TASK DIRECTIONS: Copy the listing as it is written, and leave each picture out.

DATASET SECTION:
Content starts

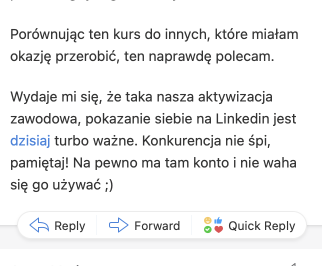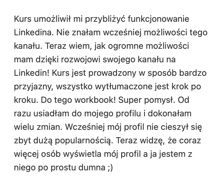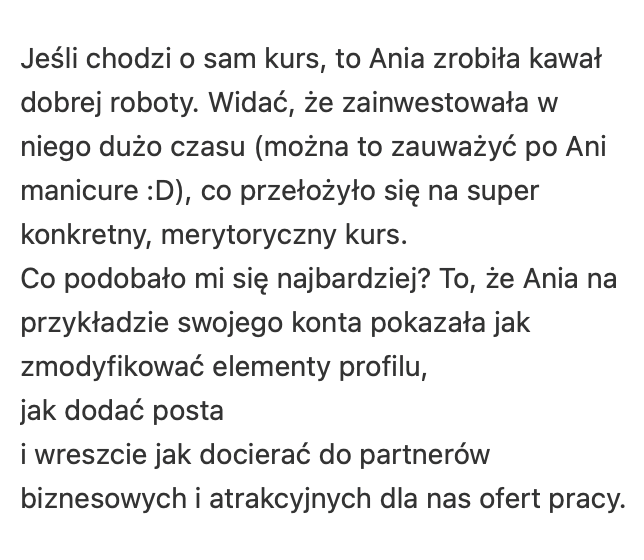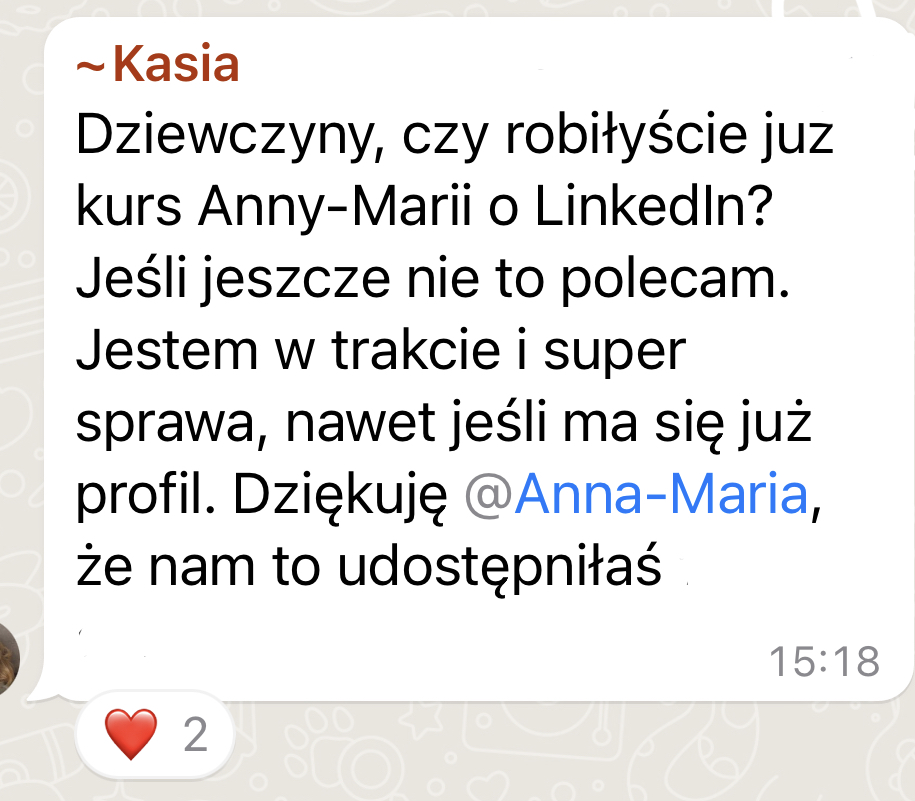 Anna-Maria, tym kursem otworzyłaś mi oczy! Obaliłaś wszystkie mity i pokazałaś, o co tu tak naprawdę chodzi. Bez sensu tak długo zwlekałam z poznaniem LinkedIn.
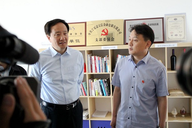 2016年(nian)5月18日上午,寧夏回族自治區黨(dang)委(wei)書記、人(ren)大常(chang)(chang)委(wei)會主任(ren)李(li)建(jian)華在(zai)自治區黨(dang)委(wei)常(chang)(chang)委(wei)、銀川市(shi)委(wei)書記徐廣(guang)國(guo)(guo),自治區黨(dang)委(wei)常(chang)(chang)委(wei)、常(chang)(chang)務副主席張超(chao)超(chao)的(de)陪同下(xia),來(lai)到嘉寶(bao)信金融(rong)倉儲有(you)限(xian)公司進行調研(yan)座談,了(le)解公司業(ye)務模式(shi)(shi)及創新成果。董事長俞曉鵬就(jiu)公司的(de)業(ye)務發(fa)展情況(kuang),全國(guo)(guo)首創的(de)葡萄酒原汁、奶(nai)牛活體及農業(ye)種植未來(lai)收益權等創新類質押種類的(de)成功(gong)案例做(zuo)了(le)詳細介紹。并(bing)對“嘉寶(bao)信模式(shi)(shi)”的(de)推廣(guang)情況(kuang)、取得的(de)進展做(zuo)了(le)匯報。李(li)建(jian)華書記對嘉寶(bao)信在(zai)解決中小企(qi)業(ye)以及三農融(rong)資難的(de)問題上所做(zuo)的(de)創新給(gei)予了(le)充分(fen)肯定,并(bing)對企(qi)業(ye)下(xia)一步(bu)的(de)發(fa)展提出了(le)希望(wang)和(he)要(yao)求。
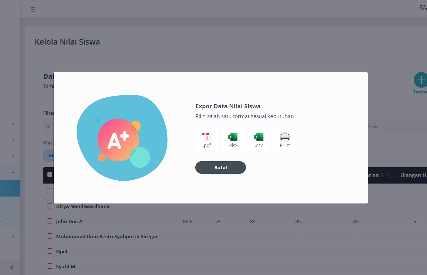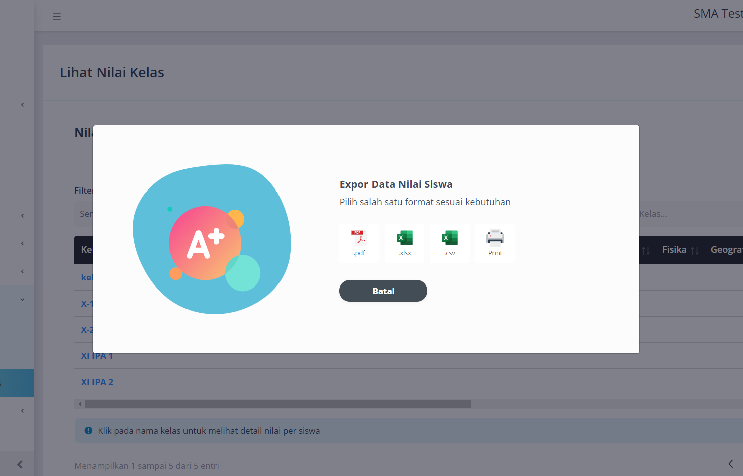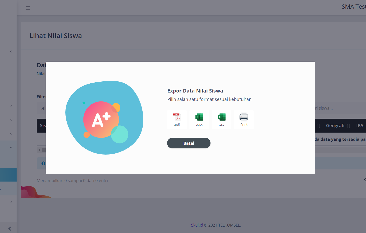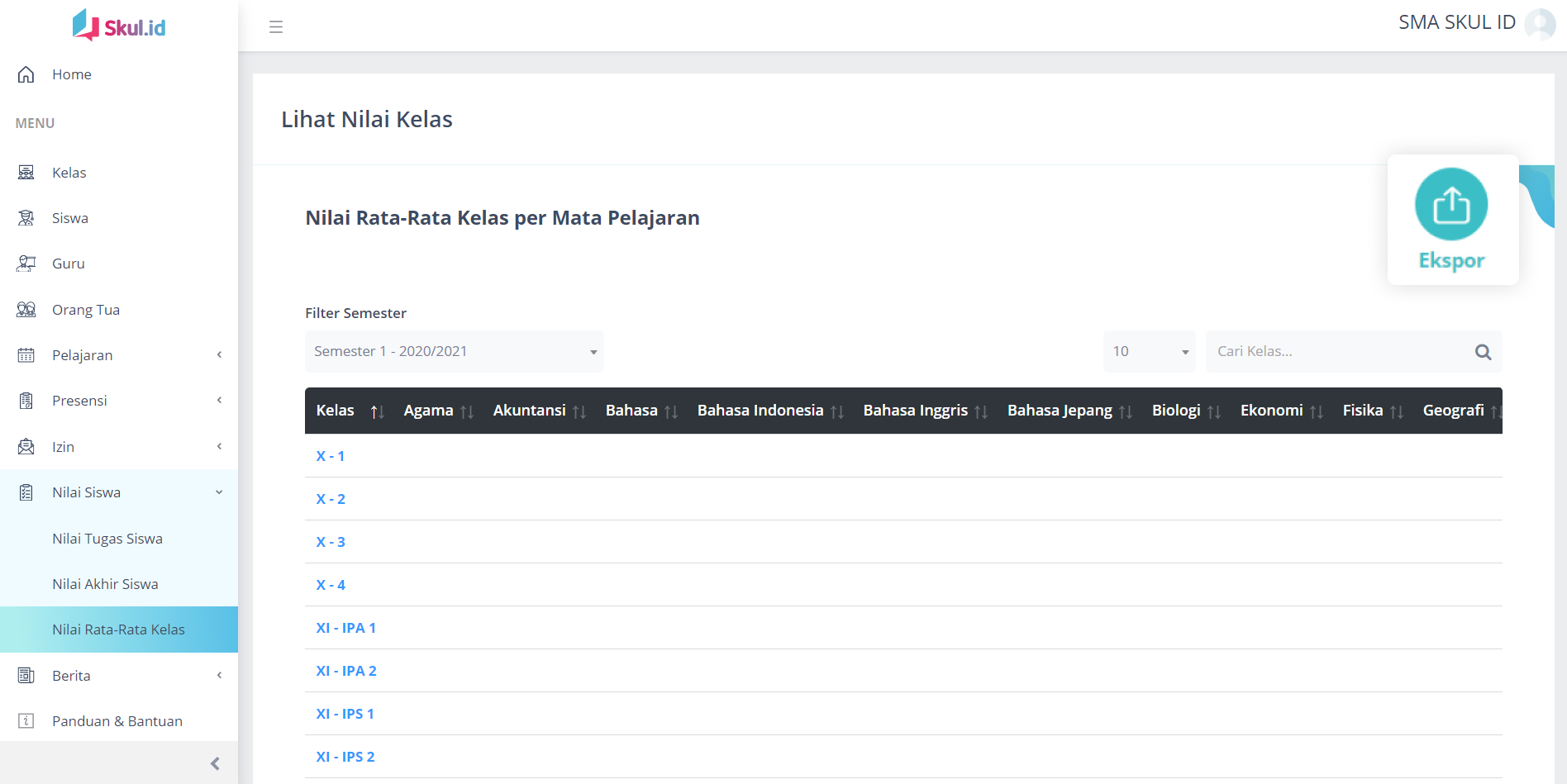 Anda juga dapat menyimpan data nilai dalam bentuk file yang diinginkan dengan cara Ekspor. Klik button Ekspor pada kanan atas, lalu pilih tipe file yang diinginkan.
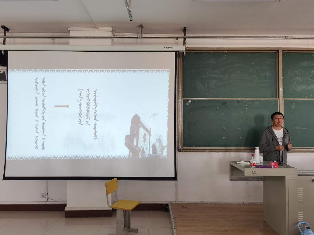 5月22日上午,蒙古學學院在崇文樓B座301教室舉辦了教學研究為主題的學術講座。本次講座特邀自治區草原英才、自治區教學名師,陳巴爾虎旗民族小學賽那老師,講座題目是《關于課程資源開發研究》。蒙古學學院實驗實訓中心主任胡斯樂主持講座。蒙古學學院部分教師及2018級師范類學生共80余名人聆聽了講座。

Content ends

ANSWER TO THE EXERCISE:
 Anna-Maria, tym kursem otworzyłaś mi oczy! Obaliłaś wszystkie mity i pokazałaś, o co tu tak naprawdę chodzi. Bez sensu tak długo zwlekałam z poznaniem LinkedIn.
 2016年(nian)5月18日上午,寧夏回族自治區黨(dang)委(wei)書記、人(ren)大常(chang)(chang)委(wei)會主任(ren)李(li)建(jian)華在(zai)自治區黨(dang)委(wei)常(chang)(chang)委(wei)、銀川市(shi)委(wei)書記徐廣(guang)國(guo)(guo),自治區黨(dang)委(wei)常(chang)(chang)委(wei)、常(chang)(chang)務副主席張超(chao)超(chao)的(de)陪同下(xia),來(lai)到嘉寶(bao)信金融(rong)倉儲有(you)限(xian)公司進行調研(yan)座談,了(le)解公司業(ye)務模式(shi)(shi)及創新成果。董事長俞曉鵬就(jiu)公司的(de)業(ye)務發(fa)展情況(kuang),全國(guo)(guo)首創的(de)葡萄酒原汁、奶(nai)牛活體及農業(ye)種植未來(lai)收益權等創新類質押種類的(de)成功(gong)案例做(zuo)了(le)詳細介紹。并(bing)對“嘉寶(bao)信模式(shi)(shi)”的(de)推廣(guang)情況(kuang)、取得的(de)進展做(zuo)了(le)匯報。李(li)建(jian)華書記對嘉寶(bao)信在(zai)解決中小企(qi)業(ye)以及三農融(rong)資難的(de)問題上所做(zuo)的(de)創新給(gei)予了(le)充分(fen)肯定,并(bing)對企(qi)業(ye)下(xia)一步(bu)的(de)發(fa)展提出了(le)希望(wang)和(he)要(yao)求。
 Anda juga dapat menyimpan data nilai dalam bentuk file yang diinginkan dengan cara Ekspor. Klik button Ekspor pada kanan atas, lalu pilih tipe file yang diinginkan.
 5月22日上午,蒙古學學院在崇文樓B座301教室舉辦了教學研究為主題的學術講座。本次講座特邀自治區草原英才、自治區教學名師,陳巴爾虎旗民族小學賽那老師,講座題目是《關于課程資源開發研究》。蒙古學學院實驗實訓中心主任胡斯樂主持講座。蒙古學學院部分教師及2018級師范類學生共80余名人聆聽了講座。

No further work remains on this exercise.